[Supplied data]
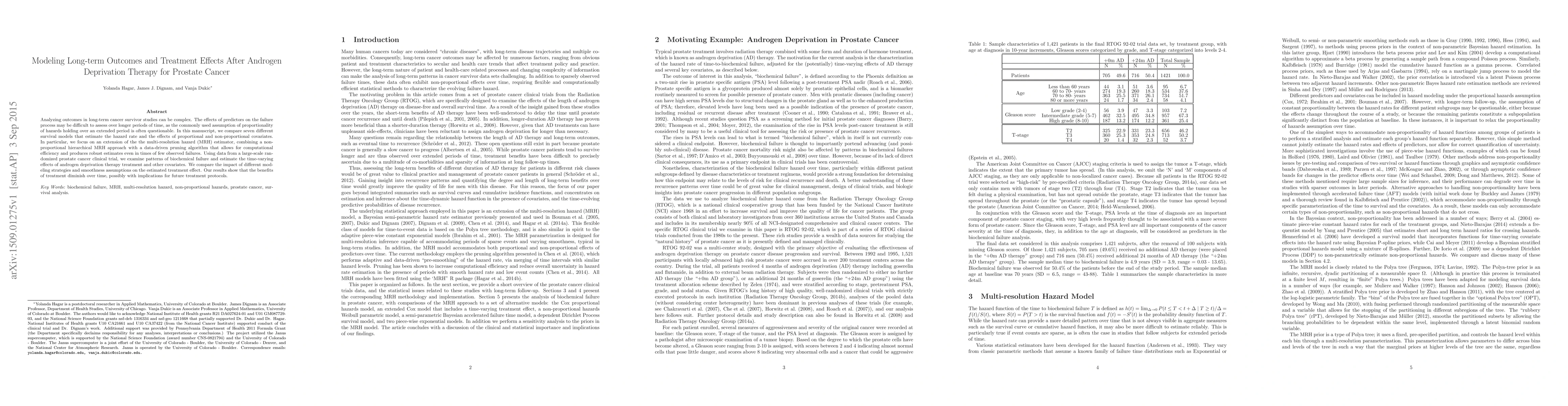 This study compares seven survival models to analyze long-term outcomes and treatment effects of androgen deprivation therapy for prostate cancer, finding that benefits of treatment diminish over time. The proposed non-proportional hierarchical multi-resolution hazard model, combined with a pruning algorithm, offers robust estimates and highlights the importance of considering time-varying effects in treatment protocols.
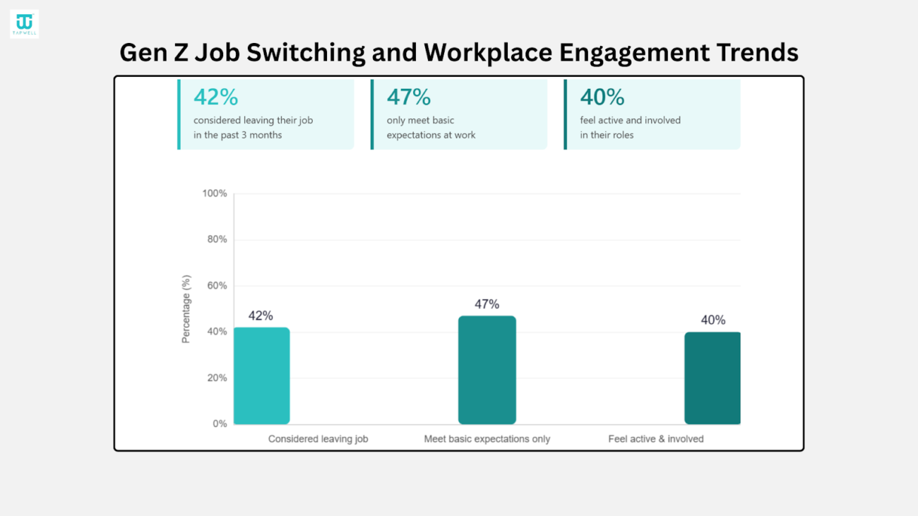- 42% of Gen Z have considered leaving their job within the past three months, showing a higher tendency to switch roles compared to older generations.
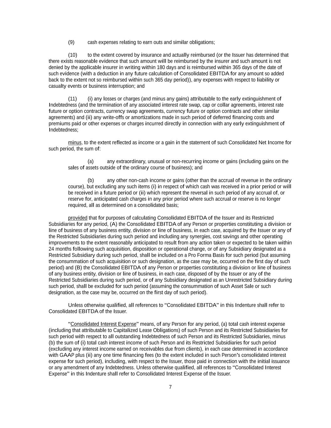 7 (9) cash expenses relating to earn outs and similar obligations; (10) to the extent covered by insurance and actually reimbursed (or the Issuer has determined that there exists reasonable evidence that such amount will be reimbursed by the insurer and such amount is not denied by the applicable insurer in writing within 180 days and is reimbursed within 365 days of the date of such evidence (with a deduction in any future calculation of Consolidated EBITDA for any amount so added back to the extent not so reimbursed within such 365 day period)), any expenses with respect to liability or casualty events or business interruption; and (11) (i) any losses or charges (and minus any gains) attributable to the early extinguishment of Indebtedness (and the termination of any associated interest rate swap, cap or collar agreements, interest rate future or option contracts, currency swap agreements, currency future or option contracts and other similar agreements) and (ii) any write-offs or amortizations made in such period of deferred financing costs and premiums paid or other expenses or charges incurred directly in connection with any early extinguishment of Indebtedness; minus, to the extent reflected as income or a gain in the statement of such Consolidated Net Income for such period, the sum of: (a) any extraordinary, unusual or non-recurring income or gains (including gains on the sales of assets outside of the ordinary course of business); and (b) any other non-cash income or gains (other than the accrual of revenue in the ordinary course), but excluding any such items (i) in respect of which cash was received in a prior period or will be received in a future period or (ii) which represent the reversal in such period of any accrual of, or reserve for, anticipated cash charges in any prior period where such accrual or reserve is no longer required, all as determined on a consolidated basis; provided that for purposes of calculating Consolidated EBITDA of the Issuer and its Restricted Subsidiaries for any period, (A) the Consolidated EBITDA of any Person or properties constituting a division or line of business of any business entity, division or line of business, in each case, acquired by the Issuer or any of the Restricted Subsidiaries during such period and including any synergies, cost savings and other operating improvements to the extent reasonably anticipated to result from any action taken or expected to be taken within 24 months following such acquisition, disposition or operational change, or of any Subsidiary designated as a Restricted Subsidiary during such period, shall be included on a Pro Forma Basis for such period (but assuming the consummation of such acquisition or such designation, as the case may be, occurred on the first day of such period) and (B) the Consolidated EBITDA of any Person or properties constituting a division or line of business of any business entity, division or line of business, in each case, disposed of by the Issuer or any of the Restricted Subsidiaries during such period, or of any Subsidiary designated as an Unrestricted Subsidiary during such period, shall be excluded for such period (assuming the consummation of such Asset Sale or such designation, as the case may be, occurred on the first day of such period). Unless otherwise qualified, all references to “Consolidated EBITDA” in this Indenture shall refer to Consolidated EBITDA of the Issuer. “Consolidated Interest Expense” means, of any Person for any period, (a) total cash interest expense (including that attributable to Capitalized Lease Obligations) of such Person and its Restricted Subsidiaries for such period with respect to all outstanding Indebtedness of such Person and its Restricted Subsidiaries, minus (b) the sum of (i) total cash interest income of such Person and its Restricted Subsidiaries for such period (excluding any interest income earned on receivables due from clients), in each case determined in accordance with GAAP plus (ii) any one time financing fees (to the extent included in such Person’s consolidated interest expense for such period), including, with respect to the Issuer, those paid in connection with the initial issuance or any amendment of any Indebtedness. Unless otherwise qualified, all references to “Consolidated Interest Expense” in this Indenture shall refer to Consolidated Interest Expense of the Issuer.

[Activity] Up to and including the line with "- 42% of Gen", copy the data above from its first line. Skip pictures.

[Task answer]
 This study compares seven survival models to analyze long-term outcomes and treatment effects of androgen deprivation therapy for prostate cancer, finding that benefits of treatment diminish over time. The proposed non-proportional hierarchical multi-resolution hazard model, combined with a pruning algorithm, offers robust estimates and highlights the importance of considering time-varying effects in treatment protocols.
- 42% of Gen Z have considered leaving their job within the past three months, showing a higher tendency to switch roles compared to older generations.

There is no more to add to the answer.